I was engaged as the on-premise data engineer responsible for transitioning Nova Retail from this fragmented, manual environment to a containerised, scheduled, distributed data platform. The deliverable had to do five things: deploy PostgreSQL reproducibly via Docker, build distributed PySpark ETL pipelines, implement Bronze/Silver/Gold medallion architecture, automate execution through orchestration, and support both production scheduling and ad-hoc scaled testing from the same DAG.

Design constraint
The platform had to be reproducible from a single command. Operations teams needed to bring up the entire stack (database, Spark engine, orchestrator) without per-machine setup. That meant containerising everything, declaring services as code, and gating dependent services on health checks. Anything less repeats the fragmentation that motivated the project.
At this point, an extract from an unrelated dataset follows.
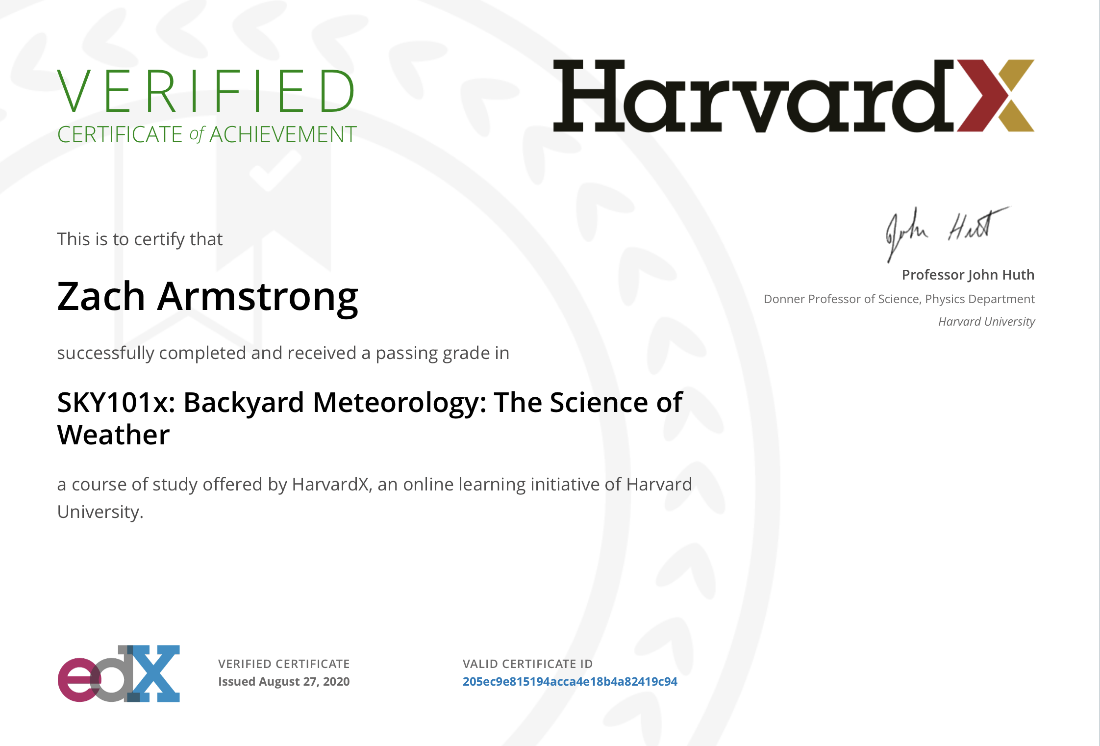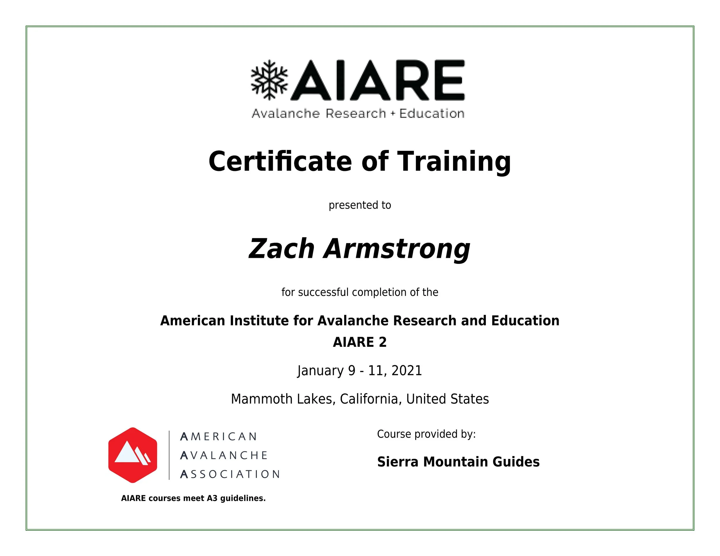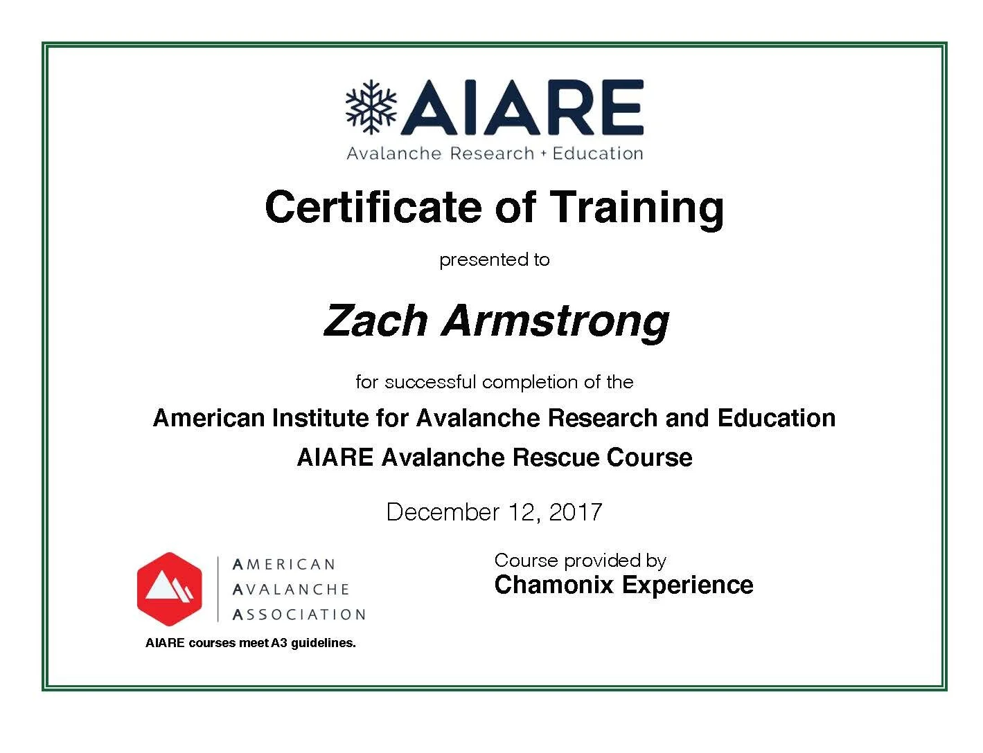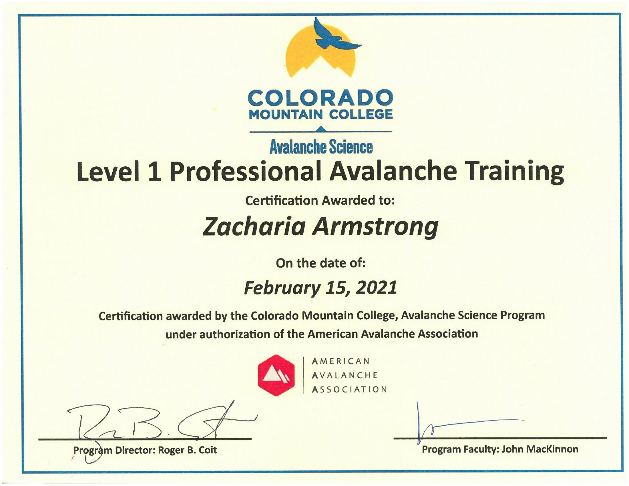 Certifications Below you will find my current certifications relevant to my work in the snow, weather, and avalanche industry. View fullsize View fullsize

Dataset note: Nova Retail uses the public Olist Brazilian e-commerce dataset. This same dataset appears in PayFlow earlier in this portfolio. PayFlow demonstrates classical normalised warehousing; Nova Retail demonstrates production-grade infrastructure (Docker, Airflow, medallion). Different engineering angles on the same dataset.

02 Architecture

Five containers, one pipeline, two operating modes.

The entire platform runs as a five-service Docker Compose stack. PostgreSQL 15 as the warehouse, a custom Spark container as the execution environment, and Apache Airflow's three components (init, webserver, scheduler) as the orchestration layer. Persistent named volumes keep data across restarts. A health check on PostgreSQL gates dependent services from starting before the database is genuinely ready. One docker-compose up brings the whole stack online.

🐳
Postgres
postgres:15-alpine · persistent volume · DDL auto-runs · health check
Spark
custom image · JDBC driver baked in · sleep infinity · exec'd by Airflow
🔁
Airflow
webserver :8080 · scheduler · DAG with Param for stock/scaled
📦
Pipeline
5-stage PySpark medallion · 3-table Gold · JDBC validation

The Spark container is "sidecar Spark": it runs sleep infinity and stays alive as a long-lived execution environment. Airflow doesn't run Spark itself. When the DAG triggers, the BashOperator calls docker exec spark /opt/spark/bin/spark-submit ... to inject jobs into the running Spark container. This keeps orchestration decoupled from execution, lets Airflow restart independently of Spark, and matches the topology used when deploying against a managed cluster (Databricks, EMR, Dataproc) where docker exec becomes a cluster-submit API call.

Parameterised DAG: same code, two modes

The Airflow DAG accepts two parameters via Airflow's native Param API: scale_data (boolean, defaults to false) and scale_multiplier (integer 1-5, defaults to 2). Scheduled runs use the defaults, producing analytical truth from real Olist data. Manual triggers via the Airflow UI surface a form letting the operator request a scaled run for architecture validation. Both flow through the same DAG, the same Spark container, the same pipeline code. Only the environment variables passed through docker exec change.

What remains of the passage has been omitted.